Re: [PATCH v6 5/5] mtd: spi-nor: keep lock bits if they are non-volatile

From: Michael Walle
Date: Wed Dec 02 2020 - 06:26:39 EST


Am 2020-12-02 12:10, schrieb Tudor.Ambarus@xxxxxxxxxxxxx:
On 11/30/20 4:38 PM, Michael Walle wrote:
[..]
+        * indicated by SNOR_F_WP_IS_VOLATILE.
+        */
+       if (IS_ENABLED(CONFIG_MTD_SPI_NOR_WP_DISABLE) ||
+           (IS_ENABLED(CONFIG_MTD_SPI_NOR_WP_DISABLE_ON_VOLATILE) &&
+            nor->flags & SNOR_F_WP_IS_VOLATILE)) {
+               err = spi_nor_unlock_all(nor);
+               if (err) {
+                       dev_err(nor->dev, "Failed to unlock the entire
flash memory array\n");

dev_dbg for low level info

Is this low level info or an actual error? Which raises the question:
should spi_nor_unlock_all() in case SWRD couldn't be cleared and thus
should all the spi_nor_init fail of this? Or should it rather be a

yes, it should, because the flash will not work as expected/requested.

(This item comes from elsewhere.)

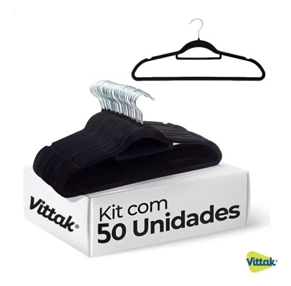 Kit 50 Cabides de Veludo Preto Antideslizante Slim Vittak | Frete Grátis e Oferta!

One counterargument: take our sl28 board, it has a hardware write-protected
SPI flash. It actually works right now because the write_sr_and_check()
doesn't work as intended and doesn't check what is written. So if you'd
fix that (and these changes would be backported to the stable trees), you'd
basically break spi-nor on these boards. And this _must_ be the case for
all boards which are actually using (hard- or sofware) write-protection.
That is the only way write-protection makes sense prior to this patch
series. Because linux will happily unlock every flash on startup. Therefore,
the hardware write protection is the only measure against this.